School districts are not generally enthralled with tax increment finance districts, frequently opposing them on the basis that they will lose property tax revenue.
In its latest Resolutions Committee Report from its Nov. 23 delegate assembly, the Illinois Association of School Boards adopted a recommendation calling for changes that included giving joint review boards authority to kill a proposed TIF district.
A tax increment finance district is a development tool local governments use to encourage development or redevelopment in blighted areas that would be too expensive to improve with private dollars alone. It diverts increased sales or property taxes generated to pay for specific improvements within the district. A TIF can last up to 23 years.
The joint review board is made up of representatives of each taxing body affected by the creation of a TIF, as required by state law. Its vote is advisory, not binding.
Skokie School District 69 brought the TIF issue forward for consideration at the assembly, where more than 400 delegates voted on proposed resolutions.
Giving the joint board more power is part of several amendments proposed to make TIFs more fair and transparent, said Steve Dembro, president of the District 69 school board.
“What we’re trying to do is get some reform in the process to make it more equitable for the people involved,” Dembro said. “We are not strictly saying we should never have TIFs. ... We’re not against every TIF in any condition.”
The Skokie district’s rationale in bringing the issue forward: “IASB must take a stronger position on the deleterious effects of TIF under the current law and actively advocate for reform or elimination of the current system.”
“The Committee determined that school districts face numerous challenges as it relates to TIFs, including the overuse of TIFs, the length of TIFs, and the fiscal impact of TIFs on taxpayers within the school district community,” according to the IASB Resolutions Committee’s analysis. “Given these challenges, taxing bodies most impacted by TIFs, such as school districts, should have a meaningful voice in the approval of a TIF and reform is needed.”
Geneva District 304 Superintendent Andrew Barrett said the assembly was advocating that the TIF legislation be reviewed and changed in several ways.
“And that included giving the joint review board more authority over those decisions,” Barrett said.
Geneva District 304 is one of the districts that has been forceful in its opposition to a TIF proposal.
In 2016, school officials opposed the Geneva Fox River Redevelopment Project Area, a 98-acre parcel. Officials said it would cost the district $7 million to $15 million over the 23 years of its life.
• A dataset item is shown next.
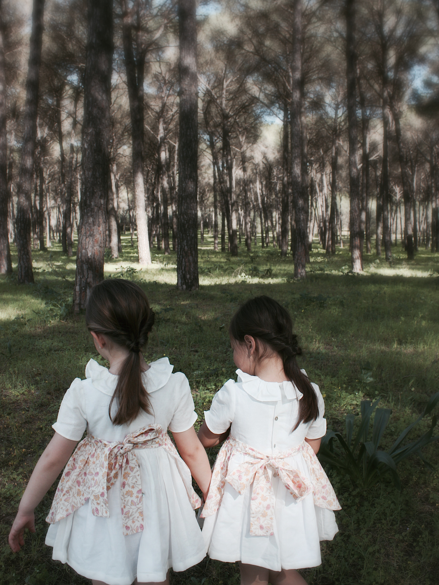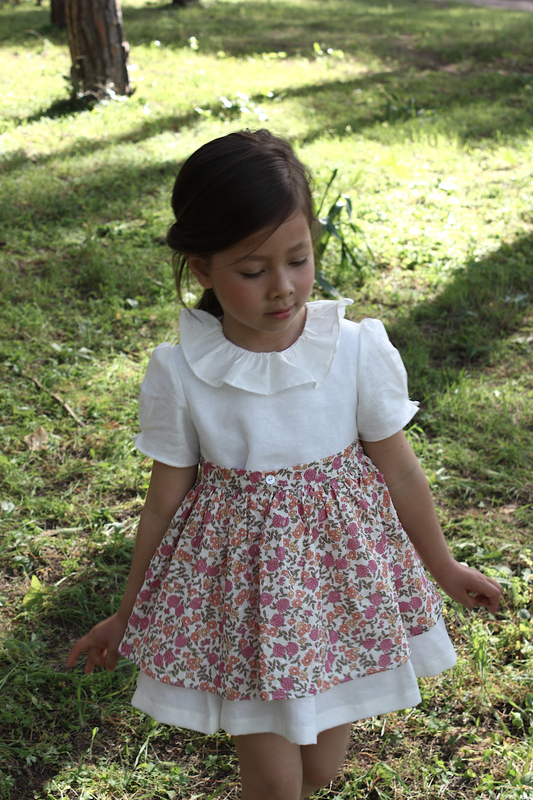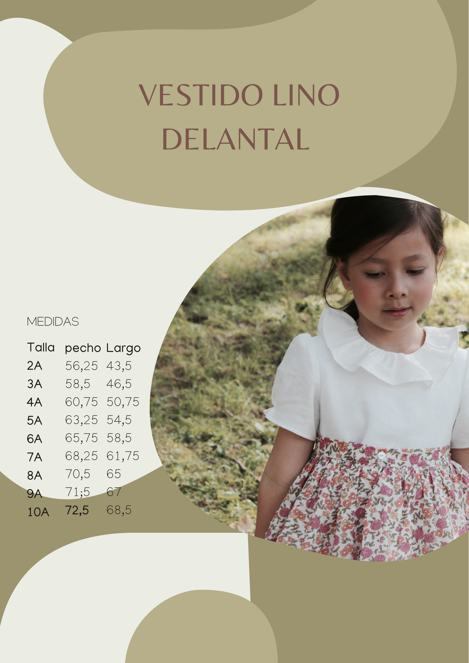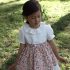 Tejido 100% Lino, va forrado y lleva un delantal con estampado de flores. Por la espalda va abotonado con botones de nácar.

“Those are tax dollars that would be lost by the school district and would then need to be recouped on the backs of the rest of the other taxpayers – and not only Geneva, but Mill Creek, which has no vote in the TIF,” then-Superintendent Kent Mutchler said at the time.
Former 2nd Ward Alderperson Donald Cummings had countered that the city’s first TIF increased the equalized assessed valuation of the property. He had said at the time that the district ultimately received $4.2 million it otherwise would not have had, were it not for the TIF.
The city ultimately approved creation of the TIF, despite the district’s objection.
If a lawmaker is willing to advance a bill to give joint review boards more power, municipalities and government organizations would likely oppose them.
It’s certainly not something Sugar Grove Village Administrator Scott Koeppel would support.
“That would change the way TIFs are created in Illinois,” Koeppel said.
“As a village official, I would never be a proponent of the village board having less authority,” Koeppel said. “I would not recommend the villages lose their power to make decisions. Villages do not make these decisions lightly. Taking that power away from them (and giving it) to the joint review board – I think the elected village board makes the final decision.”
Sugar Grove recently discontinued a TIF district early because it was not producing projects like it was supposed to, he said.
Documents show the Sugar Grove TIF was created in 2012 and will terminate on Dec. 31, 2024.
The full IASB report is available online at www.iasb.com.